Dataset extract:
"""

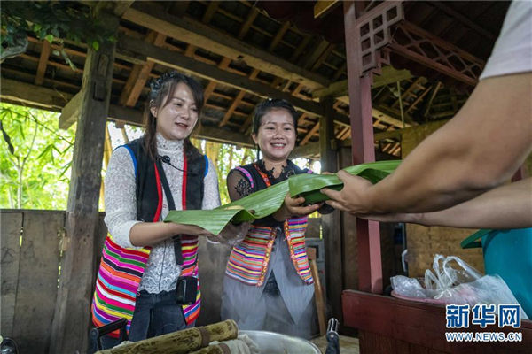 8月13日,村民在基诺山寨内售卖基诺族传统小吃。 近年来,云南省西双版纳傣族自治州景洪市基诺山基诺族乡坚持保护传承基诺族文化,助推“文化旅游扶贫”和“文旅融合”发展。当地以该乡巴亚村委会巴坡村小组为基础打造知名旅游景区基诺山寨,集中展示基诺族特色文化,拓宽基诺族相关文化产品的销售渠道,助力村民就业增收。 新华社记者 陈欣波 摄
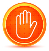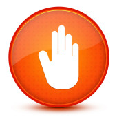 Ręczna ikona odizolowana na błyszczącej gwiazdy pomarańczowy okrągły przycisk abstrakcyjny ilustracja
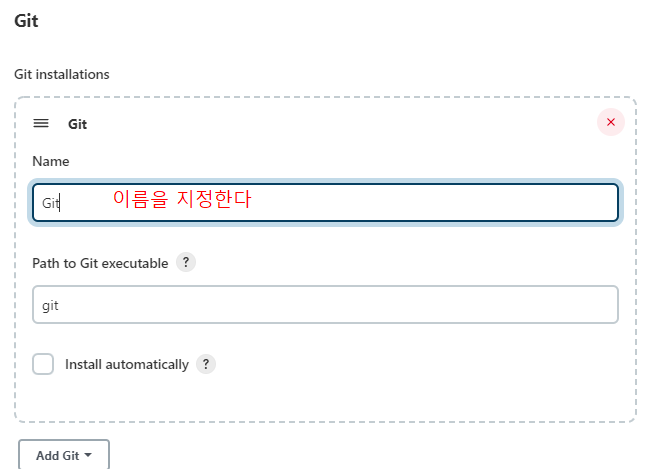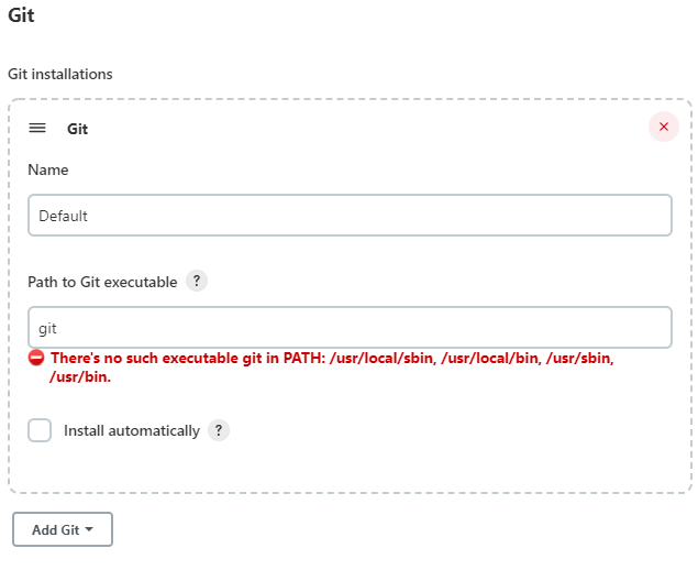 이 후 CLI창에서 GIT 을 설치한 후 Global Tool Configuration에 접근해, Jenkins 전역에 영향을 주도록 하자. git을 설치하지 않은 상태에서 Global Tool Configuration에 접근하면 왼쪽과 같은 애러가 나타난다.
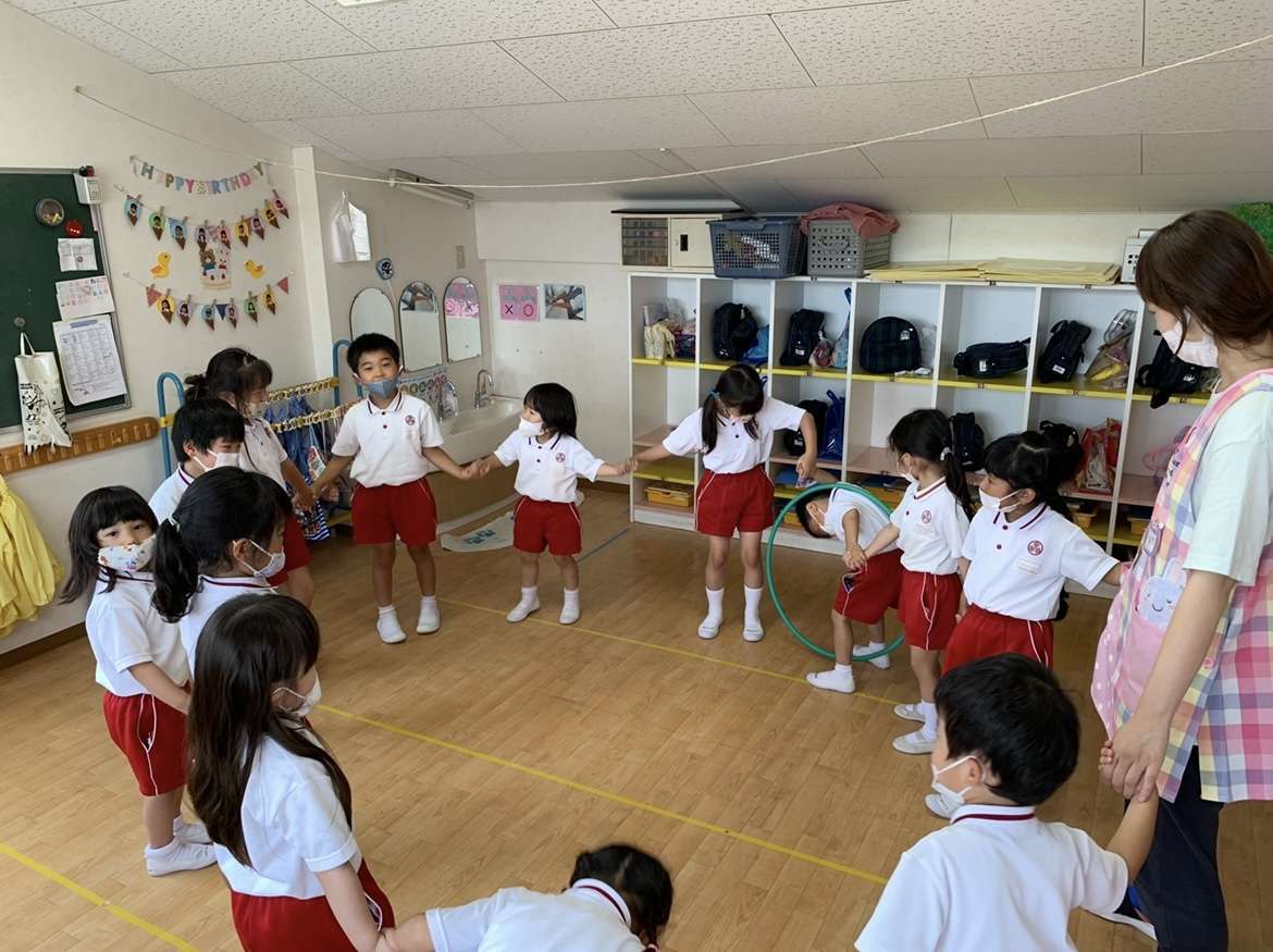 今年度、初めての異年齢児保育で各クラス違うふれあい遊びを楽しみました。

"""

Task item: Take the lines from the one holding "Ręczna ikona odizolowana" through the final line of the listing above and copy them exactly, both ends included, with no pictures.

Your solution:
 Ręczna ikona odizolowana na błyszczącej gwiazdy pomarańczowy okrągły przycisk abstrakcyjny ilustracja
 이 후 CLI창에서 GIT 을 설치한 후 Global Tool Configuration에 접근해, Jenkins 전역에 영향을 주도록 하자. git을 설치하지 않은 상태에서 Global Tool Configuration에 접근하면 왼쪽과 같은 애러가 나타난다.
 今年度、初めての異年齢児保育で各クラス違うふれあい遊びを楽しみました。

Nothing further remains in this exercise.